▶ [DATA EXCERPT]

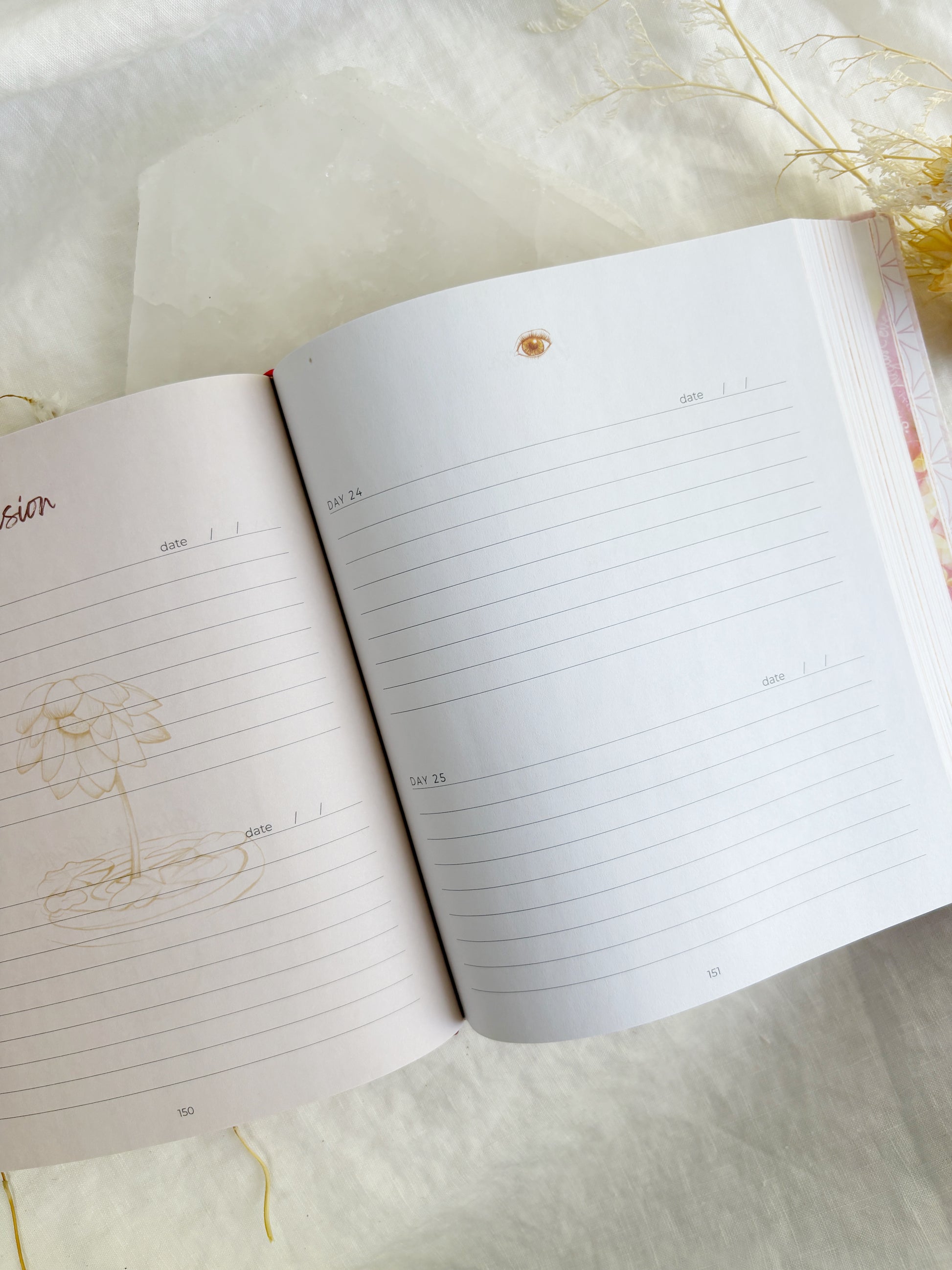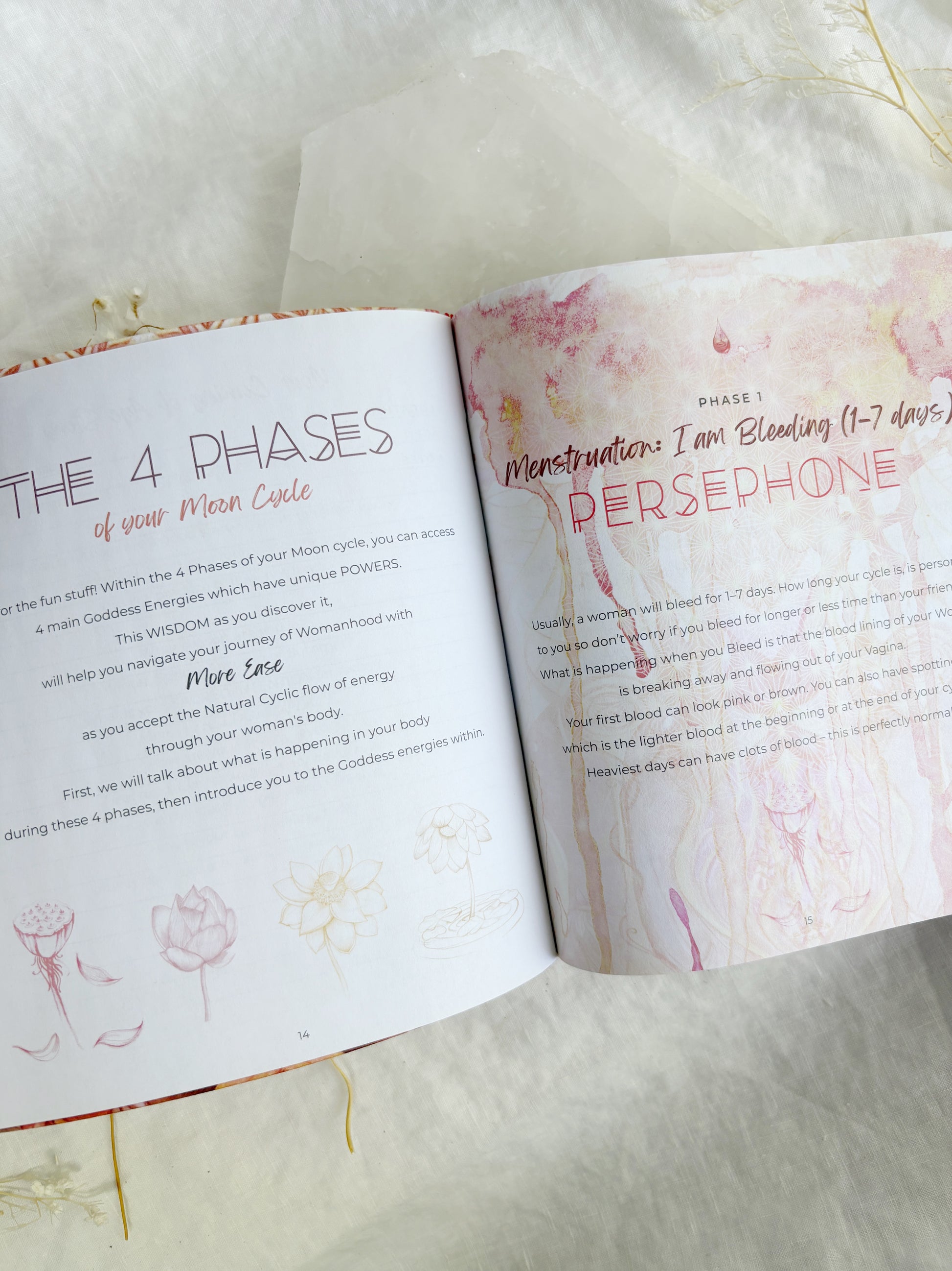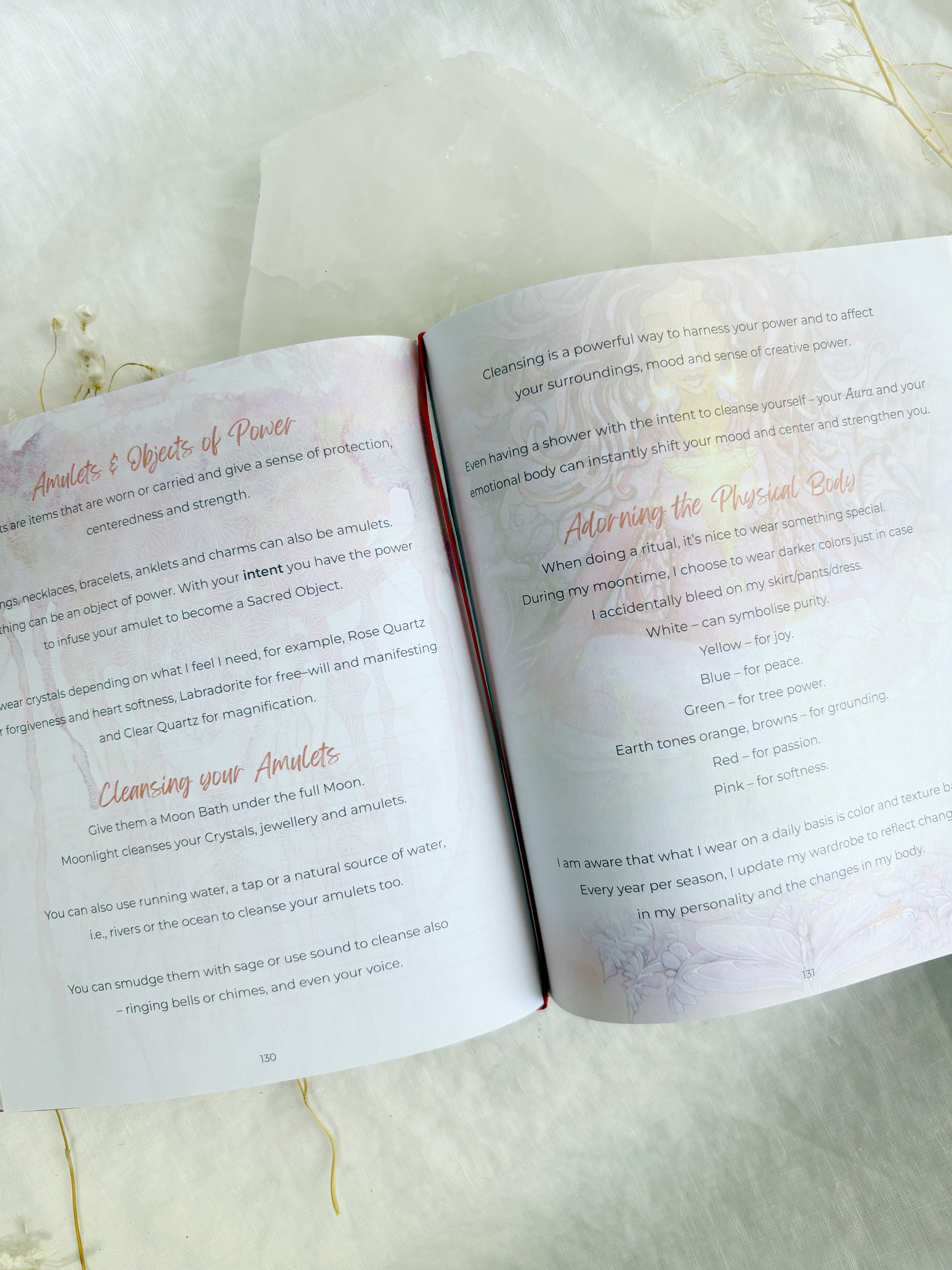 Discover your body wisdom, track and ritualise your moon cycle for women coming of age. Deepen your wisdom as you track each moon in your 13 moon cycle. Learn how to celebrate your womanhood with ceremony and self care rituals. Harness your power by connecting to nature and her rhythms. This Sacred Moon Journal is a sacred place to record your Awakenings as you connect to your body wisdom.
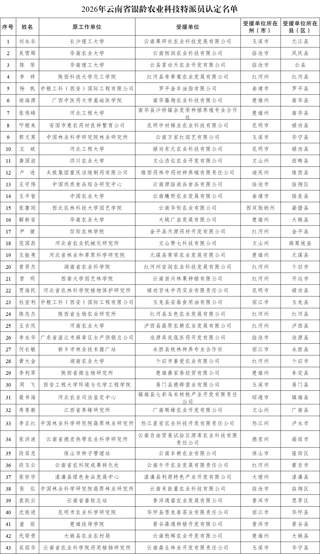 云南网讯(记者 高祎祎)1月6日,云南省科学技术厅发布通知,根据《云南省新时代“银龄人才万人计划”实施方案》《云南省科技计划项目管理办法》《云南省科技特派员管理办法》等规定,认定43名同志为2026年云南省银龄农业科技特派员,认定有效期为3年,自2026年1月至2028年12月。
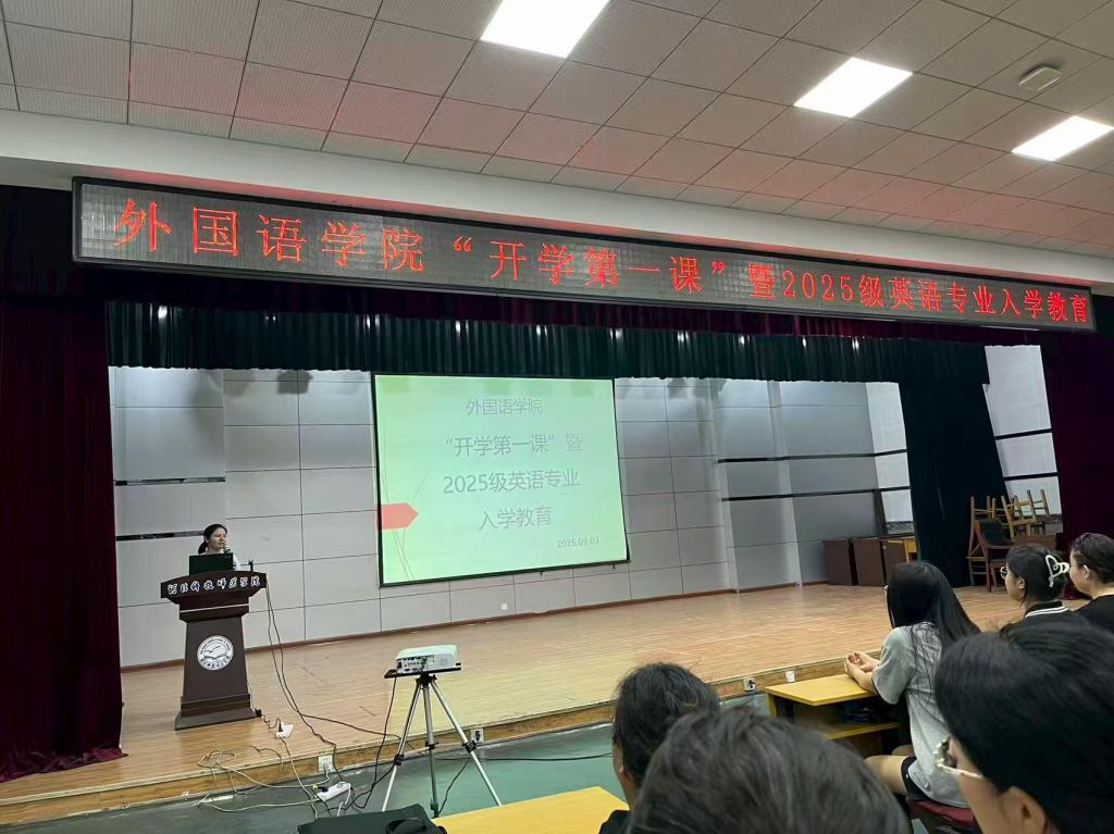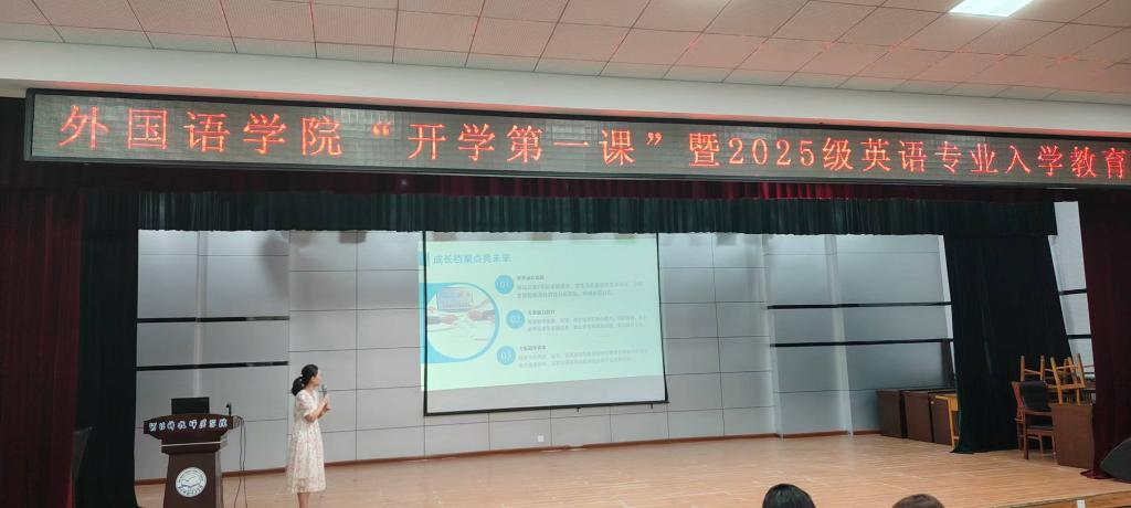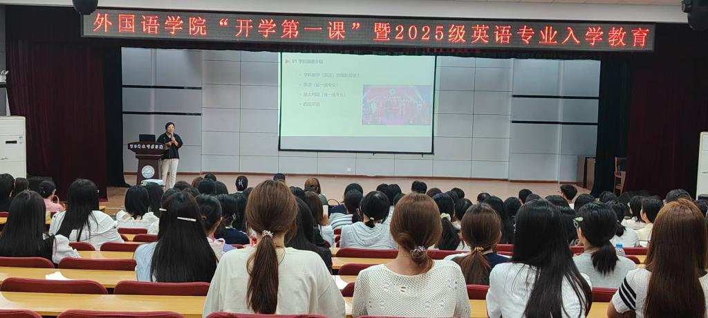 2025年9月3日,8455新葡萄场网站在秦皇岛校区多功能厅成功举办“开学第一课”暨2025级英语专业入学教育,2025级新生及英语专业骨干教师与会。
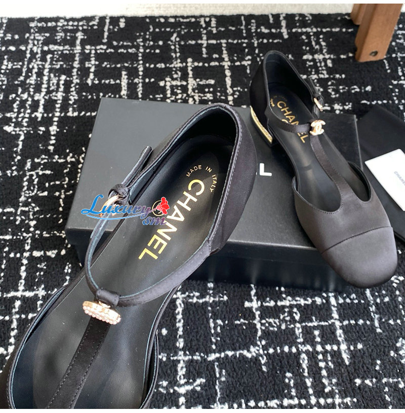 CHANEL-07153 샤넬 블랙 새틴 샌들

▶ [PROBLEM TO SOLVE]
Repeat the material above in full and unchanged, minus its images.

▶ [RESULT]
 Discover your body wisdom, track and ritualise your moon cycle for women coming of age. Deepen your wisdom as you track each moon in your 13 moon cycle. Learn how to celebrate your womanhood with ceremony and self care rituals. Harness your power by connecting to nature and her rhythms. This Sacred Moon Journal is a sacred place to record your Awakenings as you connect to your body wisdom.
 云南网讯(记者 高祎祎)1月6日,云南省科学技术厅发布通知,根据《云南省新时代“银龄人才万人计划”实施方案》《云南省科技计划项目管理办法》《云南省科技特派员管理办法》等规定,认定43名同志为2026年云南省银龄农业科技特派员,认定有效期为3年,自2026年1月至2028年12月。
 2025年9月3日,8455新葡萄场网站在秦皇岛校区多功能厅成功举办“开学第一课”暨2025级英语专业入学教育,2025级新生及英语专业骨干教师与会。
 CHANEL-07153 샤넬 블랙 새틴 샌들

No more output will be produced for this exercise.